高瀬隼子「おいしいごはんが食べられますように」901冊目

単行本の小説はすぐ読み終わる。この本も、順番を待ってる人がたくさんいるから、早く図書館に返しに行かなければ。

ところで、日本社会っていつからこの本の中の職場みたいに均質化してしまったのかな?私にいたいろんな職場には、しょっちゅうケーキを焼いてくる人がいたら「俺甘いの苦手」とか「私ダイエットしてるから」と言える人が何割かいたと思う。でも思い出して見ると、私が就職したときの”リクルートスーツ”は紺でなくベージュにしたし、同僚の女性なんて、きちんとしたワンピースで面接に臨んで合格してた。会社員の通勤着のきちんとしたやつ、で良かったのだ。今の、季節の風物詩みたいに同じ紺のスーツで同じような髪型とメイクの子たちがぞろぞろ歩くのを見るとちょっと怖い。

面接室へのノックは3回?決まりがあることを好む人は、前からたくさんいたんだろうけど、勢力を拡大してる。そういうのが嫌で嫌で、苦手で合わせられなくて私は会社勤めを辞めたけど、長年会社の仕事の中で得たものを使って生活してる部分もあると思うので、集団生活に耐えることも大事なのです。(取ってつけたように)
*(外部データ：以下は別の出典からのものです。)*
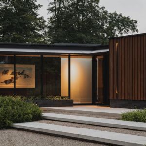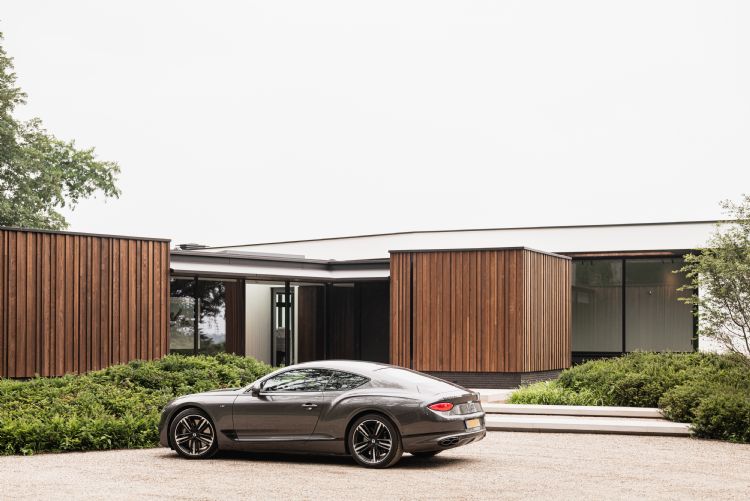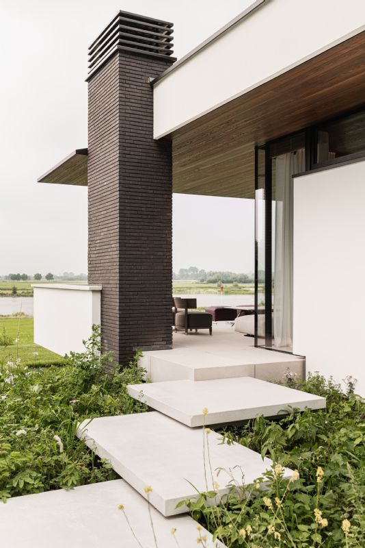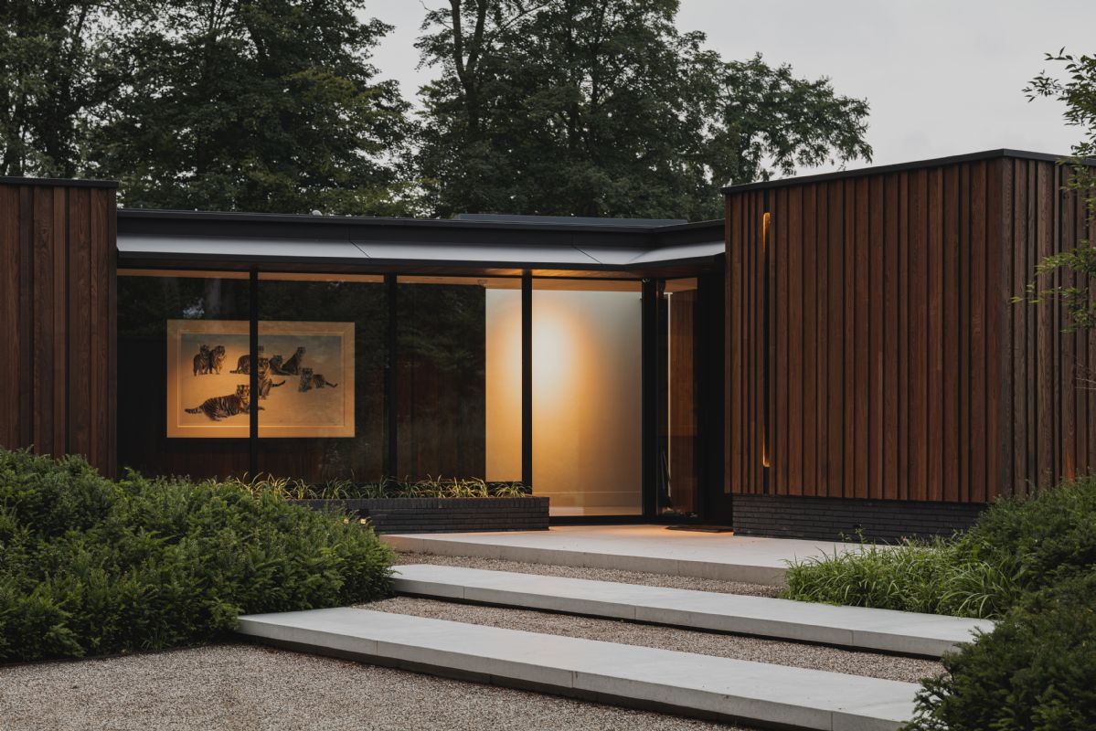In het Gelderse Gorssel heeft hovenier en tuinontwerper Michiel Bosch prachtig werk geleverd. Via een meanderende oprijlaan door het bos kom je bij een strakke moderne woning terecht. De entree is indrukwekkend door de maatwerk-betontrappen van Ebema, Megasmooth. Zeker in combinatie met de natuurlijke look van het Achterhoeks padvast van de parkeerplaats en oprijlaan werkt het geheel verrassend goed.

話代わって「おいしいごはん」。忙しいときには確かにこれが呪いに聞こえる瞬間がある。(9割のご飯はなるべく美味しくて美しいものを食べようとして毎日あちこちに出かけている私でさえ)でも、美味しいご飯や豪華なレストランが善きものであるという観念を押し付けること、押し付けられることは勘弁してほしいと思う。
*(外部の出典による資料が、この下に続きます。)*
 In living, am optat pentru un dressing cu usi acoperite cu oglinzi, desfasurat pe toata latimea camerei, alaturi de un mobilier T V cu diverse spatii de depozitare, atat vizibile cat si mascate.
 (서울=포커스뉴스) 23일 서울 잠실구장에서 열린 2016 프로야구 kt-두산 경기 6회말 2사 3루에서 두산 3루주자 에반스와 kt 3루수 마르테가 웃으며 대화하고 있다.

「芦川さん」の鈍感力(わざとか)は強烈だけど、彼女の賢さについてもっと知りたかったなと思ってしまう。なんか、料理上手だったとだまされた男たちが口々に言う、結婚詐欺常習犯の女性を思い出すけど、彼女は専業主婦におさまっている、人口の何割かを占めるマジョリティの一員なんだろう。鈍感というより感じなかったことにする、何かありそうだと思っても考えないことにする、「思考停止力」かもしれない。村田沙邪香なら芦川側からの腹にズンとくるストーリーを語ってくれるかな・・・。

 

小林真樹「日本のインド・ネパール料理店」900冊目

ものすごく面白い本だった!

ご近所散歩から飛行機を乗り継いで行く地球の果てまで、あらゆる旅を続ける私としては、徒歩で行ける非日常である「その国で生まれ育った人がやってるレストラン」に行くこともまた、旅の楽しみのひとつ。同じ著者の「食べ歩くインド」は用語がさっぱり頭に入ってこなくて太刀打ちできなかったけど、この本の用語はなんとなくだいたいわかるし、知ってる店も出てくるし・・・それより何より、大河ドラマのようなネパール人・インド人のいくつもの一族たちの日本への大遠征、大胆不敵なレストラン展開の物語が、面白いのなんのって・・・。こんな面白いもの、地上波はムリでもNetflixとかAmazonプライムとかがお金を出してドラマ化すればいいのに。

なんか日本の人って私も含めて全員、「起業」って恐ろしく大変で怖いことだと思ってるけど、ネパールの人々は料理の腕を磨いたら全員自分の店を持つのが当然のように見える。日本人が店を持っても廃業することは多いけど、彼らは店を開くのはもちろん、畳んだりすることに何のためらいもないようだ。戦後の闇市の頃の日本みたいに。

ネパール食堂でカレー(正しくは「ダルバート」)食べるとやけに元気が出るのは、彼らのパワーを分けていただいてるからなんじゃないだろうか。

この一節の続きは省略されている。